In a major personal and political setback for Banerjee, the Chief Minister also lost her Bhabanipur seat, a constituency central to her political rise since 2011, to former Trinamool leader-turned-BJP heavyweight Suvendu Adhikari, now Leader of Opposition in the state Assembly.
Adhikari’s victory in Bhabanipur, after having earlier defeated Banerjee in Nandigram in 2021, marks a defining moment in Bengal’s changing political scene.
From 294 Assembly seats, the BJP crossed the majority mark comfortably, winning 206 seats, while the TMC was reduced to 81, a sharp reversal for a party that had secured 215 seats in 2021.
The BJP’s victory was sweeping not only in numbers but also in geography.
While retaining its traditional gains in North Bengal, the party made major inroads into Trinamool strongholds across South Bengal, including Kolkata, North 24 Parganas and South 24 Parganas, regions that had long remained central to TMC’s dominance.
For years, Bengal had remained one of the BJP’s most difficult electoral frontiers. This result changes that.
The victory also carries wider national significance for the BJP.
After Odisha in 2024 and a third consecutive win in Assam, Bengal’s fall gives the BJP unprecedented political dominance across much of eastern India, strengthening the party’s larger expansion since 2014 beyond its traditional Hindi heartland base.
With Bengal, the BJP will now have 17 Chief Ministers of its own, while the NDA tally rises to 22.
Prime Minister Narendra Modi, addressing party workers after the results, said “Bengal has been freed from fear and will now progress,” framing the mandate as both political change and a development vote.
Why Bengal shifted
Within BJP circles, the Bengal sweep is being linked to several converging factors.
Party insiders point to a swing among women voters, mobilisation of government employees through promises such as Seventh Pay Commission implementation, a direct Modi-versus-Mamata governance narrative, aggressive outreach to first-time voters, and large-scale deployment of Central Armed Police Forces.
The Special Intensive Revision (SIR), under which around 90 lakh voter names were reportedly deleted, also emerged as a major political flashpoint.
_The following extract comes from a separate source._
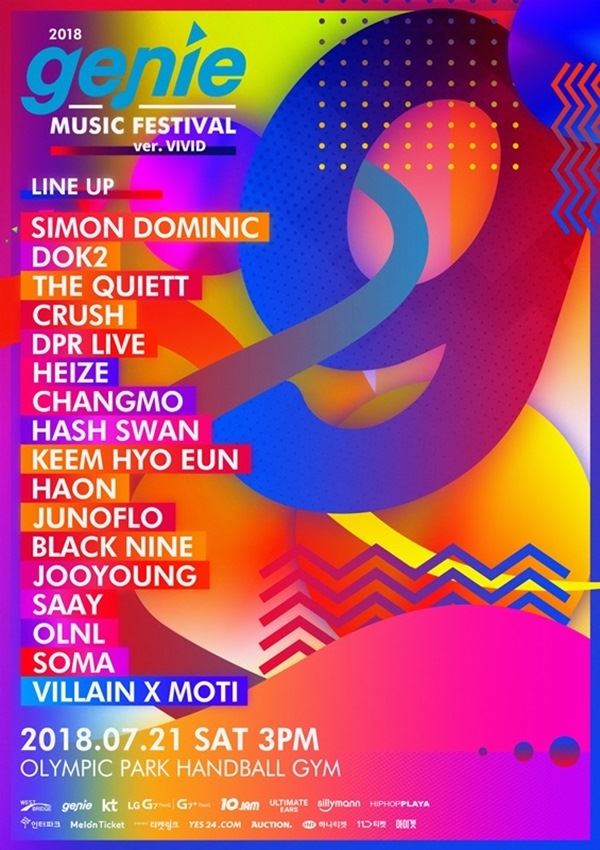 ‘지니 뮤직 페스티벌’은 지니뮤직에서 여는 첫 페스티벌로 2018년 음악 트랜드를 이끌어 가고 있는 최고의 힙합 아티스트를 엄선해 라인업을 구성했다. 사이먼 도미닉, 도끼, 더 콰이엇, 크러쉬, 헤이즈, 김하온, 창모, 주노플로 등 국내 힙합씬을 대표하는 아티스트들이 총출동할 예정이다.
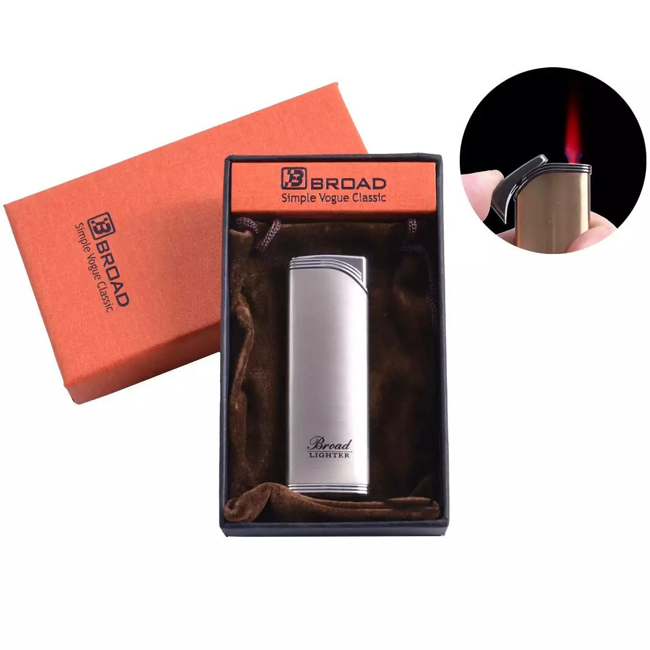 Зажигалка-турбо BROAD в подарочной упаковке 13979, оригинальная зажигалка в подарок. Цвет: серебряный

While the BJP defended it as electoral correction, Banerjee described the outcome as “loot of seats.”
Bhabanipur’s fall
Bhabanipur’s loss may prove to be among the election’s most symbolic outcomes.
Banerjee had used the seat as a political base since defeating the Left Front in 2011 and retained it through subsequent elections and a bypoll. Its loss now represents not just a constituency defeat, but a serious blow to her political authority.
On counting day, Banerjee also alleged irregularities, claiming CCTV cameras were switched off and party agents were obstructed at the counting venue.
Who next?
With the BJP heading toward government formation, attention has shifted to leadership.
Suvendu Adhikari remains the strongest contender for Chief Minister, given his role in the BJP’s Bengal rise, though names such as state BJP chief Samik Bhattacharya, Dilip Ghosh and Swapan Dasgupta are also being discussed.
National impact
For the opposition INDIA bloc, Bengal’s verdict is likely to trigger major political introspection.
Banerjee had positioned herself as one of the BJP’s strongest national challengers. Her defeat, coupled with the BJP’s continued gains elsewhere, weakens not only Trinamool’s hold over Bengal but also Banerjee’s broader opposition stature.
Fifteen years after Mamata Banerjee ended the Left Front’s 34-year rule, Bengal has delivered another political turning point.
This time, it is the BJP that has redrawn the state’s political map.